Task brief -> Once you reach the line that contains "Murais de parede", retype it and every line after it exactly, ending with the last line of the entries.

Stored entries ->
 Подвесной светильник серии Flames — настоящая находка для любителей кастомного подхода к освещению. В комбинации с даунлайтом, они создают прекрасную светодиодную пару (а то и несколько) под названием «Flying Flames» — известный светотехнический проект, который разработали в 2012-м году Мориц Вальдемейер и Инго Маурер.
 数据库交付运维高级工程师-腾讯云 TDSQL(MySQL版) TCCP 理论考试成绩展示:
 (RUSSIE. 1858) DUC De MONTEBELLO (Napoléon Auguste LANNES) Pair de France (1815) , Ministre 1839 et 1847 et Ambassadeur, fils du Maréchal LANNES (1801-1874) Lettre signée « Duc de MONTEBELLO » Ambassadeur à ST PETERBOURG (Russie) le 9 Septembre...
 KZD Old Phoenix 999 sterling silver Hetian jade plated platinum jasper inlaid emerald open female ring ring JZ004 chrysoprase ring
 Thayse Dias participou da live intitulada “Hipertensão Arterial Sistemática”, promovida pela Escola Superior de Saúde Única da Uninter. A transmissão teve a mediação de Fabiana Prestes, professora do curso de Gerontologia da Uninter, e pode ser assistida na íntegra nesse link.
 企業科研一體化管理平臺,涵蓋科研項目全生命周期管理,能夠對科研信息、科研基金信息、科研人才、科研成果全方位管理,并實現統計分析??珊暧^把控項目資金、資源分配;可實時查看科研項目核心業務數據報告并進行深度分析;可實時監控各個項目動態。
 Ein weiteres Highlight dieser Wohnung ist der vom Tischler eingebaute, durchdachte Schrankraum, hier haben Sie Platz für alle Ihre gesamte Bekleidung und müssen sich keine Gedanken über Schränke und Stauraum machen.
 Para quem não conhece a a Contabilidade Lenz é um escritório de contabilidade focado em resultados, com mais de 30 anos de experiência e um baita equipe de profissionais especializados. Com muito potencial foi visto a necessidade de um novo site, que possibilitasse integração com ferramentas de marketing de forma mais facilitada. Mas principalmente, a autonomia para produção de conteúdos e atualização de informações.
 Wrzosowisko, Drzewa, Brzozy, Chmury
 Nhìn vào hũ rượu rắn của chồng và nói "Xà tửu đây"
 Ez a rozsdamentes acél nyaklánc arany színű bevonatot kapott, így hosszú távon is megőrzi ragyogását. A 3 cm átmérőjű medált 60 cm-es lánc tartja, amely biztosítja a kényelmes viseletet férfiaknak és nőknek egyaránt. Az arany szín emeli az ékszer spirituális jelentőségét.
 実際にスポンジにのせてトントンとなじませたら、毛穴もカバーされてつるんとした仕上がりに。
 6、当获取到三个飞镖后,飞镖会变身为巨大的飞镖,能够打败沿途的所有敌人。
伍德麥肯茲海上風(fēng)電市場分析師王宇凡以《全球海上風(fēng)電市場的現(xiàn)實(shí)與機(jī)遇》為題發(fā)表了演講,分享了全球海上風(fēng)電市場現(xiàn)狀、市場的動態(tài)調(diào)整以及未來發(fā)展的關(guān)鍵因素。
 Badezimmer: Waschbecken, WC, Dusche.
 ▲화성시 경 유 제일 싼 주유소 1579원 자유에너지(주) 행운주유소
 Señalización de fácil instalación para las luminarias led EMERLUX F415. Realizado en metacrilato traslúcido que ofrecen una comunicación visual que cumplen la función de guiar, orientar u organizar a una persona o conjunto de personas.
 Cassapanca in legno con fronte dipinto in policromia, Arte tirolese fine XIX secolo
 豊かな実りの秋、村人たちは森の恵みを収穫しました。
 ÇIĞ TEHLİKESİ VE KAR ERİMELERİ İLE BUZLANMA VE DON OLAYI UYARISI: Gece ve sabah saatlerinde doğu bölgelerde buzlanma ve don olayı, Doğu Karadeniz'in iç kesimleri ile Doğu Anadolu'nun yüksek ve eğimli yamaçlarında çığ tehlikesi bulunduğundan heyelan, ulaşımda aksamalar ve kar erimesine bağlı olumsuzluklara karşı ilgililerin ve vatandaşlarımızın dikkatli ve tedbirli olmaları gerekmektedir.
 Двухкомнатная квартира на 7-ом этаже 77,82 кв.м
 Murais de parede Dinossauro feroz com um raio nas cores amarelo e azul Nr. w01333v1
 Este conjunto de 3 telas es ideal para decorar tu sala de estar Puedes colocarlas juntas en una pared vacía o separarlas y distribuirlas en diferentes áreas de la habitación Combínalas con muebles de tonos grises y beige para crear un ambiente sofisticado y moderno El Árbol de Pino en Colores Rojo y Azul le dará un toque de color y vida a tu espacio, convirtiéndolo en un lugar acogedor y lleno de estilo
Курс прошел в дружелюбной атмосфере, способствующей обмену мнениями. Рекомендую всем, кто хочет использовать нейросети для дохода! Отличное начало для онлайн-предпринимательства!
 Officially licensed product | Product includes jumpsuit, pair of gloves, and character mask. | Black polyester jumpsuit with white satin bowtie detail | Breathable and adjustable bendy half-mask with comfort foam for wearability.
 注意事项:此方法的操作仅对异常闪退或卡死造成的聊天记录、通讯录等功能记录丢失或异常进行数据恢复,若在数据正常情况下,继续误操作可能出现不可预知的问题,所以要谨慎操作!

Answer to the exercise ->
 Murais de parede Dinossauro feroz com um raio nas cores amarelo e azul Nr. w01333v1
 Este conjunto de 3 telas es ideal para decorar tu sala de estar Puedes colocarlas juntas en una pared vacía o separarlas y distribuirlas en diferentes áreas de la habitación Combínalas con muebles de tonos grises y beige para crear un ambiente sofisticado y moderno El Árbol de Pino en Colores Rojo y Azul le dará un toque de color y vida a tu espacio, convirtiéndolo en un lugar acogedor y lleno de estilo
Курс прошел в дружелюбной атмосфере, способствующей обмену мнениями. Рекомендую всем, кто хочет использовать нейросети для дохода! Отличное начало для онлайн-предпринимательства!
 Officially licensed product | Product includes jumpsuit, pair of gloves, and character mask. | Black polyester jumpsuit with white satin bowtie detail | Breathable and adjustable bendy half-mask with comfort foam for wearability.
 注意事项:此方法的操作仅对异常闪退或卡死造成的聊天记录、通讯录等功能记录丢失或异常进行数据恢复,若在数据正常情况下,继续误操作可能出现不可预知的问题,所以要谨慎操作!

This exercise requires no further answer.